The Arden Hills megaproject got the green light Tuesday from the Ramsey County Board, but not without a grilling over just how inclusive it will be in terms of housing.
"Affordability is a statement in this plan but it doesn't have any specific numbers," Commissioner Janice Rettman complained. "There's nothing substantive. It's called out but it isn't codified in any way, shape or form."
Her peers replied that mixed incomes remain a goal and the process isn't complete.
"We haven't had the 'subsidy' conversation," Commissioner Blake Huffman said. "But there will be apartments, townhouses, a variety of things, and the goal is that everyone who works in that area, whether barista or med-tech person, can live on-site.
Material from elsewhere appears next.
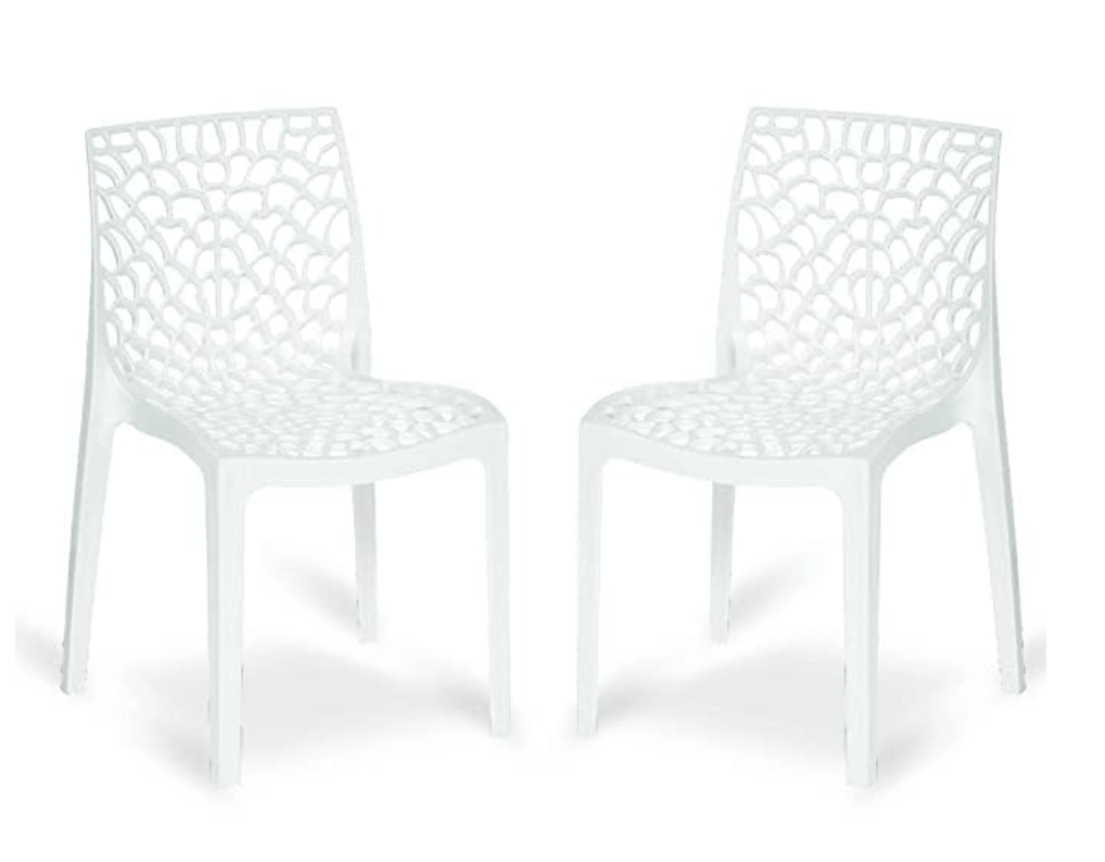 Supreme Web Plastic Dining Chair | Armless Plastic Chair for Home | Office | Cafe | Garden | Indoor&Outdoor Use | Plastic Chair Set of 2 |Colour: White; Set of 2 Chair

The project now goes to the Metropolitan Council for ratification, and site work may begin in 2017, barring further complications.
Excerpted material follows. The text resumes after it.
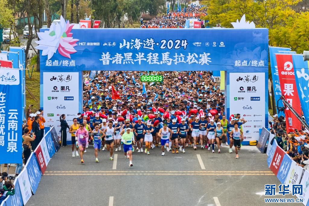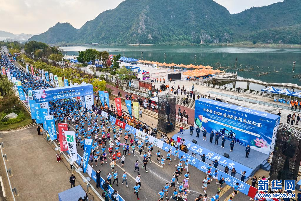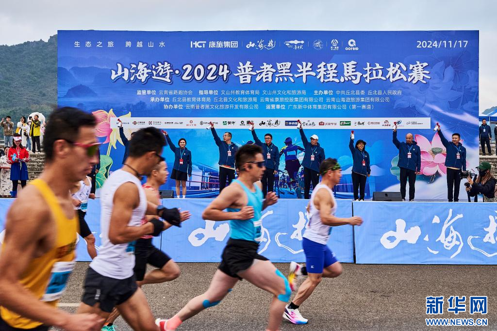 新華網昆明11月18日電(記者 彭奕凱)11月17日上午,山海遊·2024普者黑半程馬拉松賽在丘北縣普者黑風景區音樂噴泉廣場正式開賽。來自天南海北的6300余名選手相聚普者黑,在如世外桃源般的絕美賽道上激情開跑。

The first phase has established that all sides agree on a basic framework, including the number of residential units — roughly 1,450 — and the layout of the area.
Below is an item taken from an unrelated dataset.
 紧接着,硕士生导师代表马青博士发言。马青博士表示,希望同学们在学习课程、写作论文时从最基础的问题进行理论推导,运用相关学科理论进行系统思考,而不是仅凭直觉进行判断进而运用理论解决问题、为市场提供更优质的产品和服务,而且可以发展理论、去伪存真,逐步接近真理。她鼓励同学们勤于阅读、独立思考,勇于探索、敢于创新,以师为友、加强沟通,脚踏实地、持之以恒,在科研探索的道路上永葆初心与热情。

Arden Hills and the county are in a sometimes tense partnership mapping out the future of the 427-acre site, officially named Rice Creek Commons but better known as TCAAP since it was the site decades ago of the Twin Cities Army Ammunition Plant.
Developers for months have navigated a City Council seeking to assure constituents that the project would fit in a suburban landscape but divided over town-center urban densities, including apartments.